Poi non ha senso imporre un termine finale alle parti, pressandole a rimettere la causa in decisione: esse - secondo il modello anglosassone - potrebbe anche giungere in decisione dopo molto tempo dall'esaurimento della fase di trattazione, semplicemente perché nessuna di essa allo stato della trattazione ritiene opportuno assumere il rischio della decisione.

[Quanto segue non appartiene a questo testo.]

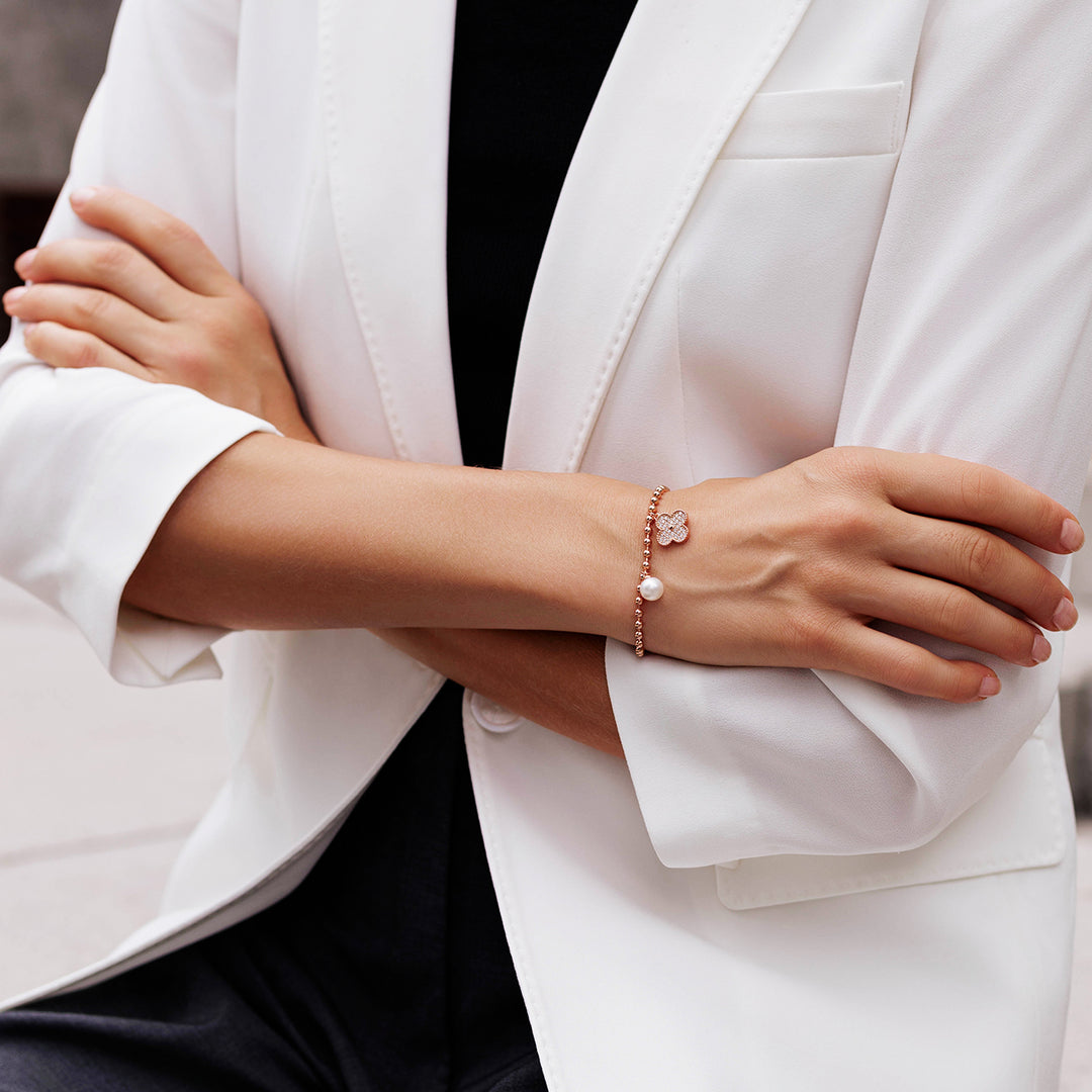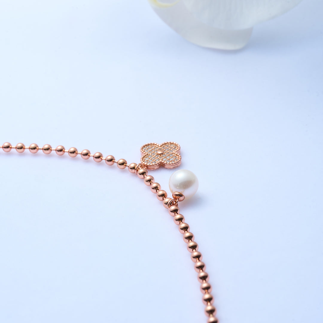 Un braccialetto con catena a sfere in oro rosa con una perla fresca e un ciondolo a forma di fiore candito attaccato. Viene fornito con una catena di estensione unica ed elegante. Accessorio in oro rosa perfetto per le tonalità della pelle fredde. Specialmente per graziosi picnic con gli amici con un vestito scozzese alla moda.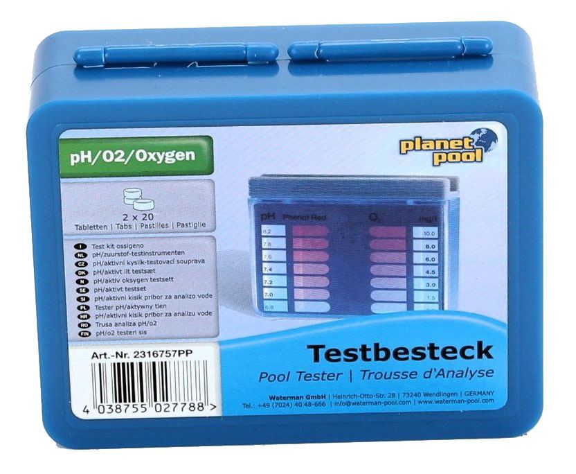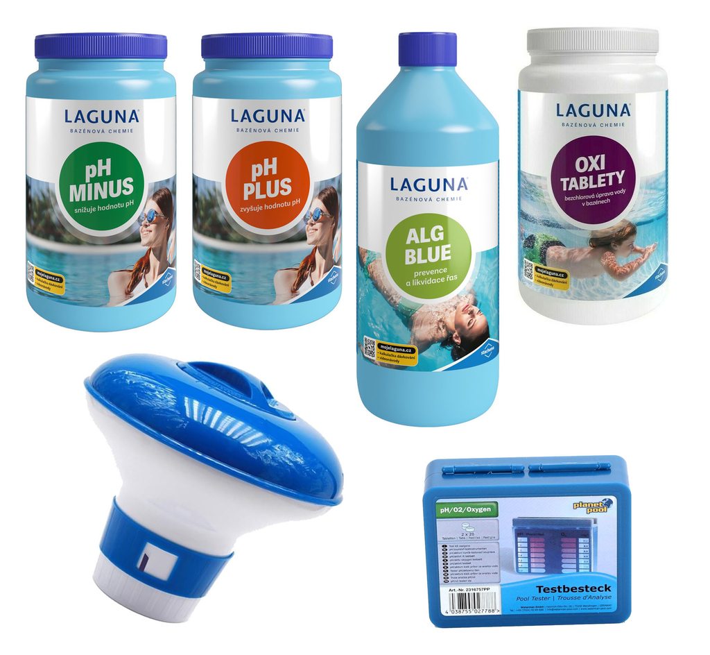 Kompletný set bezchlórovej chémie, testera a plaváka na ošetrenie bazénovej vody. Na dosiahnutie krištáľovo čistej a trvalo hygienicky nazávadnej vody je bezpodmienečne nutné udržovať obsah voľného kyslíka v rozmedzí 8–15g/la pH v rozmedzí 6,8–7,6. Obsah kyslíka v bazénovej vode a hodnota pH sa priebežne kontrolujú testermi najmenej 1–2× týždenne.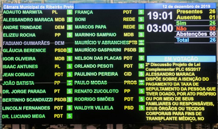 A Câmara de Ribeirão Preto aprovou, na sessão desta quinta-feira, 12 de dezembro, por unanimidade – 26 votos a favor – e em segunda votação, a redação final do projeto de Alessandro Maraca (MDB) que tem o objetivo de oferecer serviços funerários gratuitos ao doador de órgãos para transplantes. Apesar da aprovação, para sair do papel a medida precisa da sanção do prefeito Duarte Nogueira Júnior (PSDB), que pode alegar inconstitucionalidade e barrar a ideia.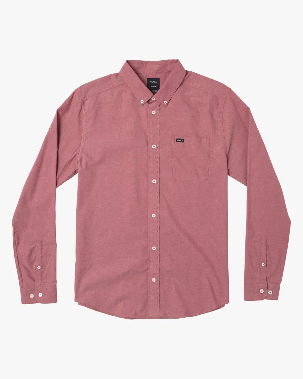 The RVCA That’ll Do Stretch Men’s Long Sleeve Shirt delivers classic lines alongside active function. Adding to a stretch oxford construction, the premium, slim fit men’s shirt offers up signature tones, bringing an original feel to your everyday essential.. Featured here in the Brick Red colorway.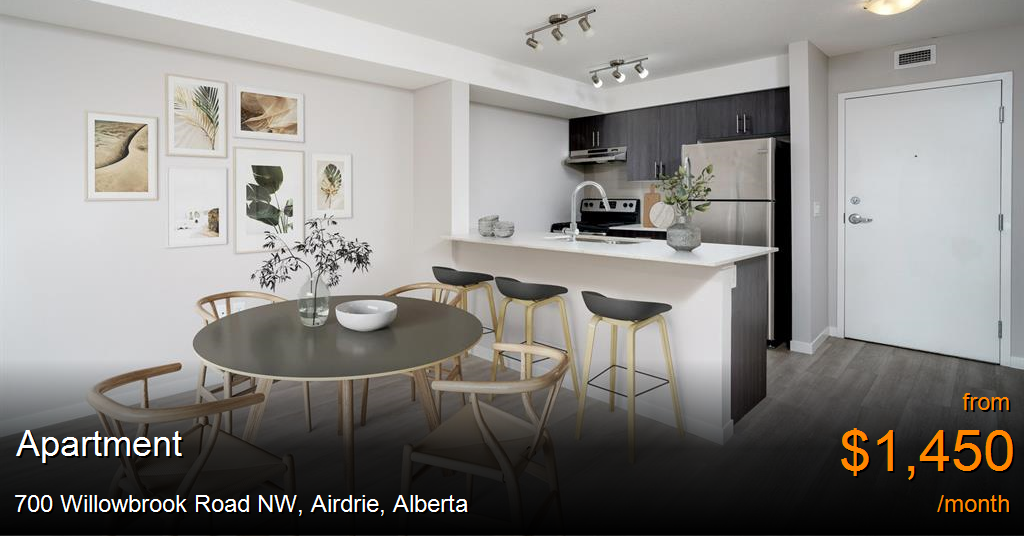 Apartment for rent in Airdrie at 700 Willowbrook Road NW. Quality long term rental or bridge to new home ownership (single family or attached) – we're your best choice in town! We offer units in 3 builldings within one area: Central - building 1000, Courtyard - building 3000, and Creekside - building 4000. Units with utilities included now available at Central (building 1000): • 1 Bedroom units starting at only $1,600/month • 1 Bedroom plus Den starting at only $1,650/month • 2 Bedroom (2 bathroom) units starting at $1,750/month • 2 Bedroom (2 bathroom) plus Den starting at only $1,900/month• Features: • Stainless Steel appliances including in-suite laundry • Heat and water included in Central - building 1000 • Luxury vinyl plank flooring • Comfortable Carpet in all bedrooms • Modern kitchens • Stylish Quartz countertops in kitchen and bathrooms • Window coverings • Heated Underground parking • Elevators • Secure building with 24 hour On Site Management • Fitness/Exercise Room that includes a Bowflex Xtreme, Treadmill and Elliptical trainer • Private Courtyard with access to Airdrie's extensive walking trails Backing on to Nose Creek you'll find pathways at your door! With shopping and restaurants close by, plus a view that's nearly impossible to beat from your own suite AND from our roof top patio. . Central is the place to be! Central is where life is all around you. Central is where you LIVE WELL! Contact us for your own personal tour. You won't be disappointed!

Si eviterebbe in tal modo l'epilogo che spesso ha avuto il processo societario: quello della estinzione per decorso dei termini.
Questo sistema, in cui il giudice è assorbito nella sola decisione, e dove il processo può rimanere quiescente se nessuna delle parti se la sente di correre il rischio della decisione, con un termine di perenzione assai lungo, potrebbe indurre quel risparmio di energie e attività che la riforma va cercando.
6. La riforma non coinvolge invece lo speciale strumento di tutela anticipatoria che è l'art. 19 del d. lgs. n. 5 del 2003, che consente un ordinanza di condanna ante causam per il caso di pagamento di somme o di consegna di beni mobili, fondata su di una cognizione sommaria, e che costituisce pure una scelta obbligata ex lege per la introduzione nelle forme del rito societario, nel caso in cui il giudice non ritenga manifestamente fondata la domanda (si è dimenticato questo sviluppo particolare del processo sommario nel dettare l'ultimo comma dell'art. 170 - ter, 3° comma c.p.c.).
Anzi la riforma in itinere potenzia questo strumento facendolo ereditare al processo di rito comune con la introduzione dell'art. 702 - bis c.p.c. ove lo strumento della tutela sommaria anticipatoria si generalizza per i diritti al pagamento di somme o alla consegna o al rilascio di beni (resta sottratto alla speciale tutela il solo diritto agli obblighi di fare e non fare), con la differenza non secondaria di un gravame che resta assorbito nelle forme del reclamo cautelare (mentre in quello societario è un vero e proprio appello) e di una tutela sommaria che in difetto di introduzione di un giudizio di merito acquista l'irrevocabilità del giudicato.
Nelle controversie societarie lo strumento di tutela anticipatoria autonoma resta quello dettato dall'art. 19 cit.